- **The task**:
Start to finish, print the entries exactly, and carry none of the pictures over.
Supplied records below:
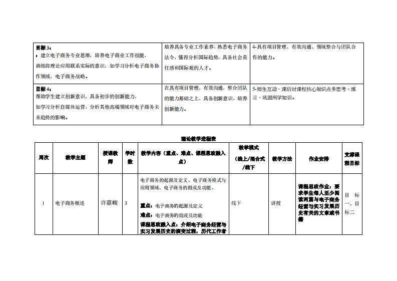 《电子商务经营与实习》教学大纲裸名称电子商务经营与实习课类别(必修选修)选修课程英文名称:B-comere●Management and Internship总学时周学时学分,48W3/3其中实整实被学时0先德课程:无后续课建支撑无授课时间:1-3节(318周)授课地点:5307量课对津:2020级跨境电商1班开裸学瑰:粤台产业科技学院任课微柳姓名淋:许嘉梭刷教授容票时间、地点与方式:课堂或课后,教室或通讯软件,当面或线上答疑课避考核方式:开卷()闭卷()课程论文()其它()非试卷类报告使用被材:电子商务概论与实训数程(第4版),王忠元,机械工业出版社,202203,1SBN:9787111700180被学◆考资料:(1)《电子商务概论》:作者:罩征:出版社:高等教育出版社:ISBN:978704052609课程情介:本课程注重培养实战型人才。让学生掌握电子商务的产生骨景、基本概念、类型和相关主流模型与理论,了解目前国内外电子商务的发展战略。同时学习与电子商务管理相关的知识,如相关的法律和税收政策、国际贸易等,以及电子商务的发展趋势。掌握基本的电子商务案例分析方法和电子商务
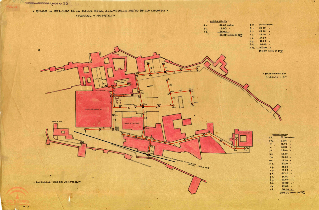 | Resumen: | Plano del riego a presión en los sectores de la Calle Real, Alamedilla, Patio de los Leones, Partal y Huertas |
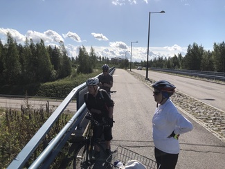 Me jatkoimme kevyenliikenteen väylää lentokentän sivuitse. Osuimmekin melkoiseen lentosumaan, sillä näimme kaksi siivekästä peräjälkeen nousukiidossa ja kolmannen kohta päiden yläpuolella laskeutumassa jo samoille sijoille. Pohjoisella ohikulkutiellä ohitimme muun muassa Golf-kentän, jonka lähin tii oli aivan tien alapuolella, jolloin pari napakkaa iskua sai jo etupyöräilijän tarkistamaan, menikö joltain rengas. Retkeläisemme kuitenkin paahtoivat mäkeä ylös entisellä draivilla!
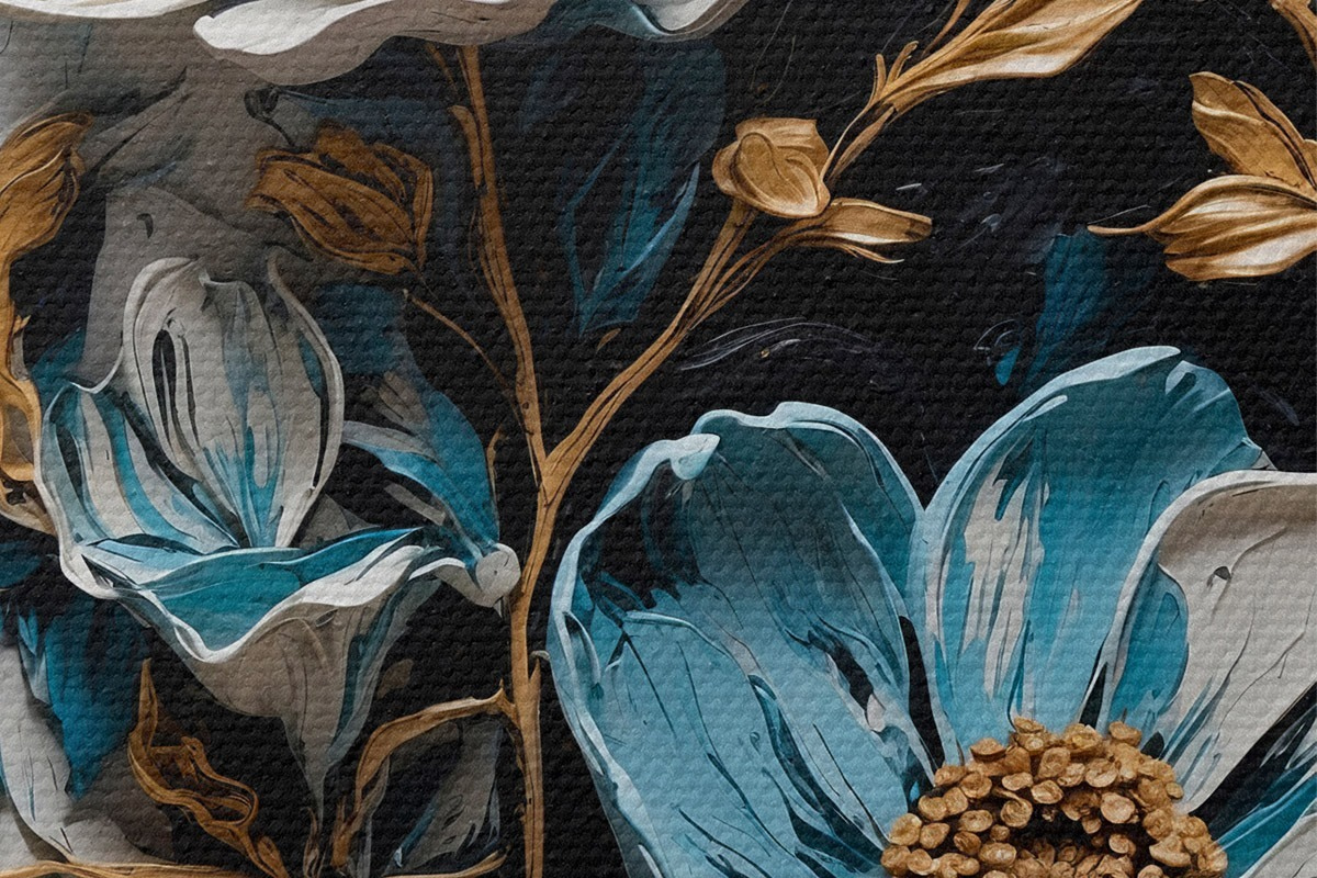Immagine Fiori e steli su sfondo bianco e nero in stile pittura ad olio Nr r42532
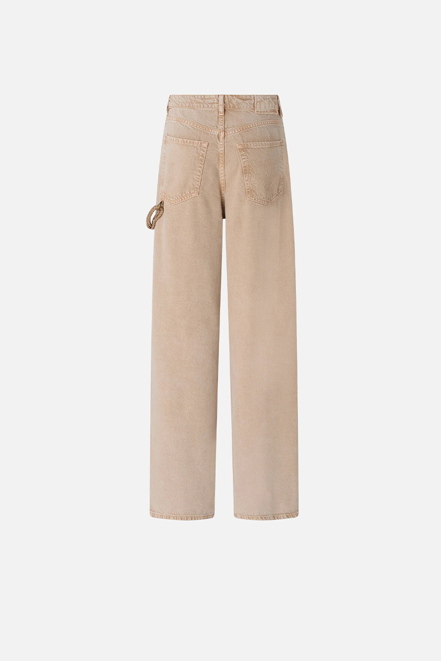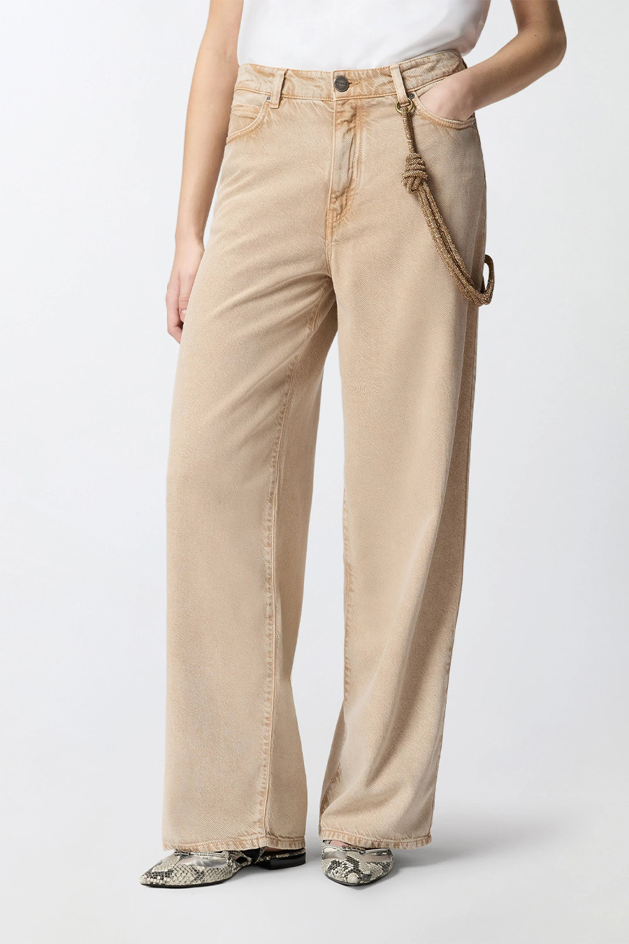 PINKO five-pocket jeans with a relaxed fit, made from cotton and lyocell bull denim with a marbled wash for a refined used effect, embellished with a bright removable jewelled cord that can be attached to the front loop and a small loop on one of the back pockets, with a tone-on-tone Love Birds logo embroidered on one of the back pockets.
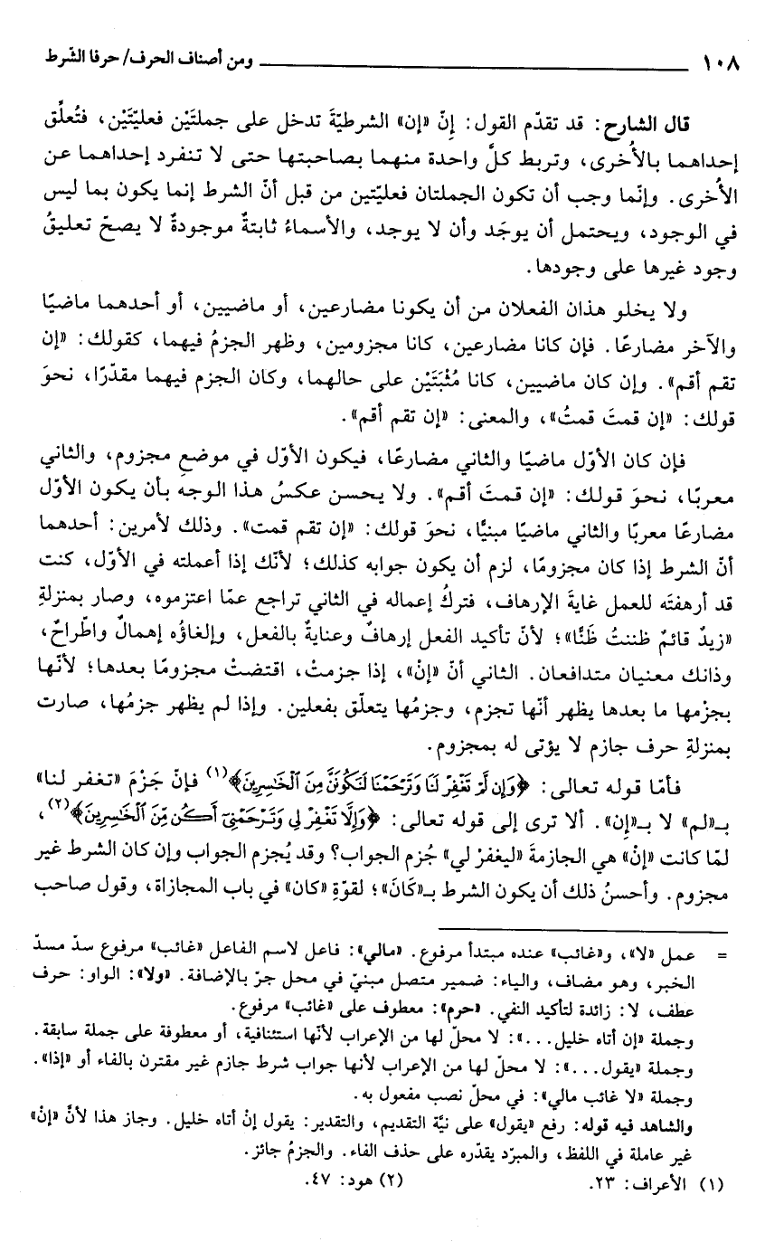 قال الشارح: قد تقدّم القول: إِنّ "إن" الشرطيّةَ تدخل على جملتَين فعليّتَين، فتُعلَّق إحداهما بالأُخرى، وتربط كلَّ واحدة منهما بصاحبتها حتى لا تنفرد إحداهما عن الأُخرى. وإنّما وجب أن تكون الجملتان فعليّتين من قبل أن الشرط إنما يكون بما ليس في الوجود، ويحتمل أن يوجَد وأن لا يوجد، والأسماءُ ثابتةٌ موجودة لا يصح تعليقُ وجود غيرها على وجودها.
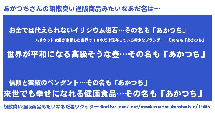 | ヘコむあだ名 | 『豆乳』『あかつち(笑)』『あかっぺ』 |
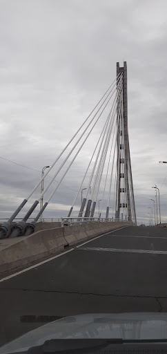 El mejor puente, lo que deberían mejorar es ponerle dos pilotes en el medio donde pasan los autos, osea que los pilotes cubran los costados donde actualmente pasan los autos, para que pasen a los costados junto a los tirantes, y una senda a los costados para que la gente camine, es un puente que si se ponen las pilas puede mejorar , los bordes del medio están oxidados y le falta limpieza, yo le pondría dos pilotes y un sistema de luces a la noche para...
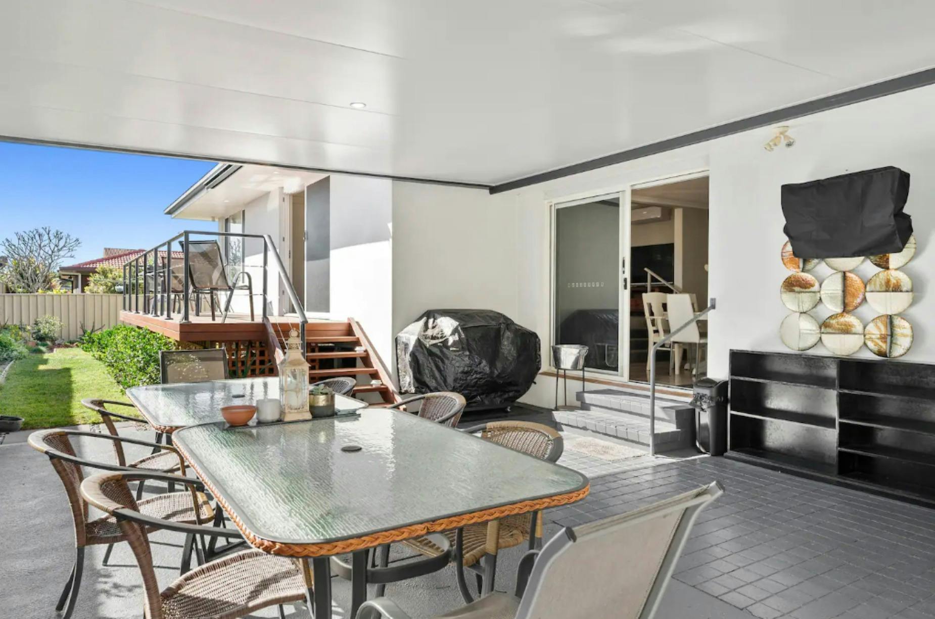 Take your pick with how and where to relax! If you've had enough of the outdoors, choose one of the two air-conditioned living spaces with Wi-Fi to stay connected to your favourite flicks or games. Bedrooms are appointed with built-in wardrobes, beds, and ceiling fans throughout, and you can be comfortable here all year round. Outside, you'll find a huge undercover patio with a barbeque, an eight-seater dining setting and an enclosed yard – perfect for your furry friends to enjoy!
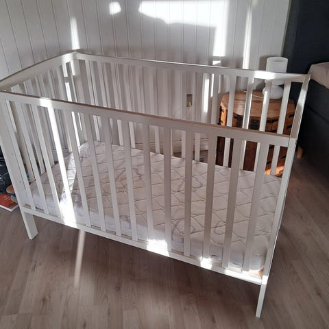 Tremmeseng, b: 65 l: 124, Aldrig brugt. Der følger madras og sengerand med.
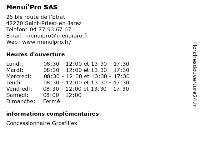 | Lundi | 08:30-12:00 et 13:30-17:30 |
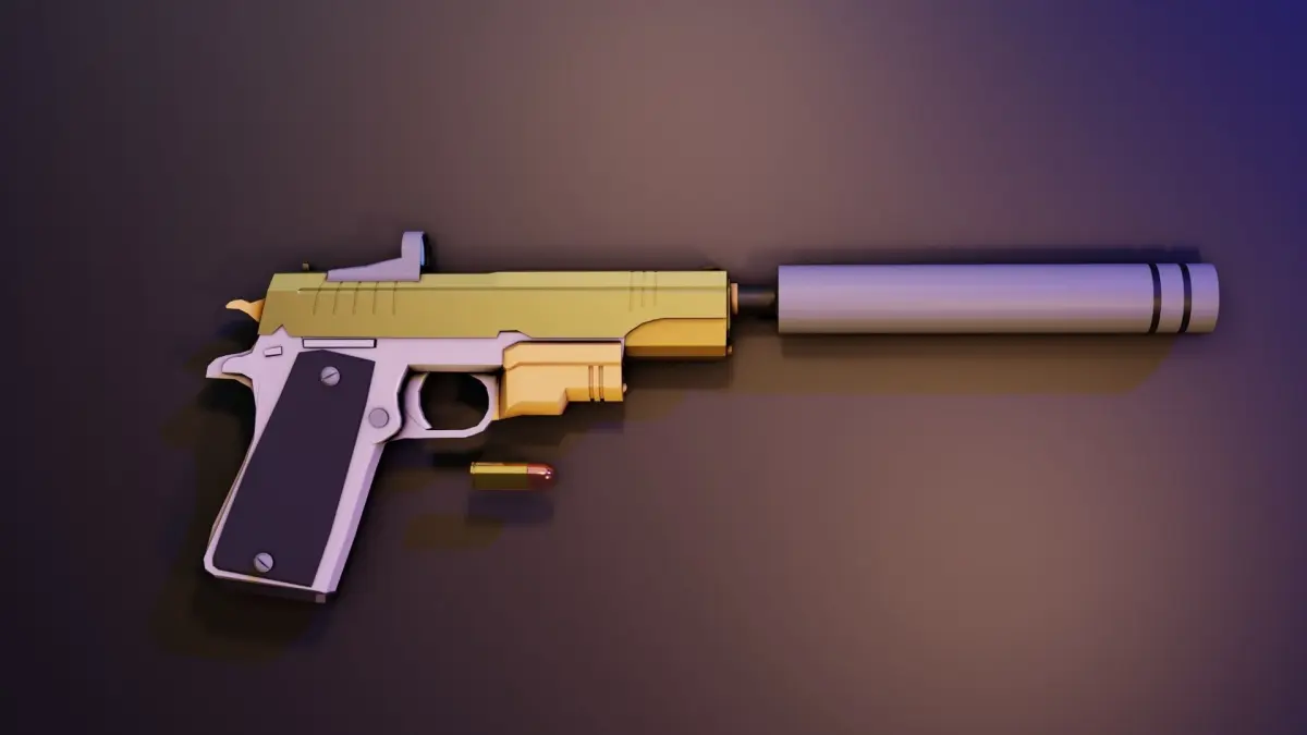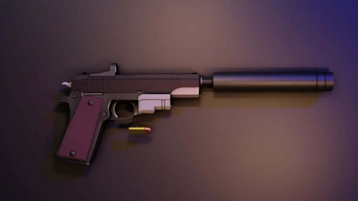 This pack includes a low poly stylized pistol with high detail based on the M1911 pistol and its attachments
End of Supplied records.
- **Response below**:
 《电子商务经营与实习》教学大纲裸名称电子商务经营与实习课类别(必修选修)选修课程英文名称:B-comere●Management and Internship总学时周学时学分,48W3/3其中实整实被学时0先德课程:无后续课建支撑无授课时间:1-3节(318周)授课地点:5307量课对津:2020级跨境电商1班开裸学瑰:粤台产业科技学院任课微柳姓名淋:许嘉梭刷教授容票时间、地点与方式:课堂或课后,教室或通讯软件,当面或线上答疑课避考核方式:开卷()闭卷()课程论文()其它()非试卷类报告使用被材:电子商务概论与实训数程(第4版),王忠元,机械工业出版社,202203,1SBN:9787111700180被学◆考资料:(1)《电子商务概论》:作者:罩征:出版社:高等教育出版社:ISBN:978704052609课程情介:本课程注重培养实战型人才。让学生掌握电子商务的产生骨景、基本概念、类型和相关主流模型与理论,了解目前国内外电子商务的发展战略。同时学习与电子商务管理相关的知识,如相关的法律和税收政策、国际贸易等,以及电子商务的发展趋势。掌握基本的电子商务案例分析方法和电子商务
 | Resumen: | Plano del riego a presión en los sectores de la Calle Real, Alamedilla, Patio de los Leones, Partal y Huertas |
 Me jatkoimme kevyenliikenteen väylää lentokentän sivuitse. Osuimmekin melkoiseen lentosumaan, sillä näimme kaksi siivekästä peräjälkeen nousukiidossa ja kolmannen kohta päiden yläpuolella laskeutumassa jo samoille sijoille. Pohjoisella ohikulkutiellä ohitimme muun muassa Golf-kentän, jonka lähin tii oli aivan tien alapuolella, jolloin pari napakkaa iskua sai jo etupyöräilijän tarkistamaan, menikö joltain rengas. Retkeläisemme kuitenkin paahtoivat mäkeä ylös entisellä draivilla!
Immagine Fiori e steli su sfondo bianco e nero in stile pittura ad olio Nr r42532
 PINKO five-pocket jeans with a relaxed fit, made from cotton and lyocell bull denim with a marbled wash for a refined used effect, embellished with a bright removable jewelled cord that can be attached to the front loop and a small loop on one of the back pockets, with a tone-on-tone Love Birds logo embroidered on one of the back pockets.
 قال الشارح: قد تقدّم القول: إِنّ "إن" الشرطيّةَ تدخل على جملتَين فعليّتَين، فتُعلَّق إحداهما بالأُخرى، وتربط كلَّ واحدة منهما بصاحبتها حتى لا تنفرد إحداهما عن الأُخرى. وإنّما وجب أن تكون الجملتان فعليّتين من قبل أن الشرط إنما يكون بما ليس في الوجود، ويحتمل أن يوجَد وأن لا يوجد، والأسماءُ ثابتةٌ موجودة لا يصح تعليقُ وجود غيرها على وجودها.
 | ヘコむあだ名 | 『豆乳』『あかつち(笑)』『あかっぺ』 |
 El mejor puente, lo que deberían mejorar es ponerle dos pilotes en el medio donde pasan los autos, osea que los pilotes cubran los costados donde actualmente pasan los autos, para que pasen a los costados junto a los tirantes, y una senda a los costados para que la gente camine, es un puente que si se ponen las pilas puede mejorar , los bordes del medio están oxidados y le falta limpieza, yo le pondría dos pilotes y un sistema de luces a la noche para...
 Take your pick with how and where to relax! If you've had enough of the outdoors, choose one of the two air-conditioned living spaces with Wi-Fi to stay connected to your favourite flicks or games. Bedrooms are appointed with built-in wardrobes, beds, and ceiling fans throughout, and you can be comfortable here all year round. Outside, you'll find a huge undercover patio with a barbeque, an eight-seater dining setting and an enclosed yard – perfect for your furry friends to enjoy!
 Tremmeseng, b: 65 l: 124, Aldrig brugt. Der følger madras og sengerand med.
 | Lundi | 08:30-12:00 et 13:30-17:30 |
 This pack includes a low poly stylized pistol with high detail based on the M1911 pistol and its attachments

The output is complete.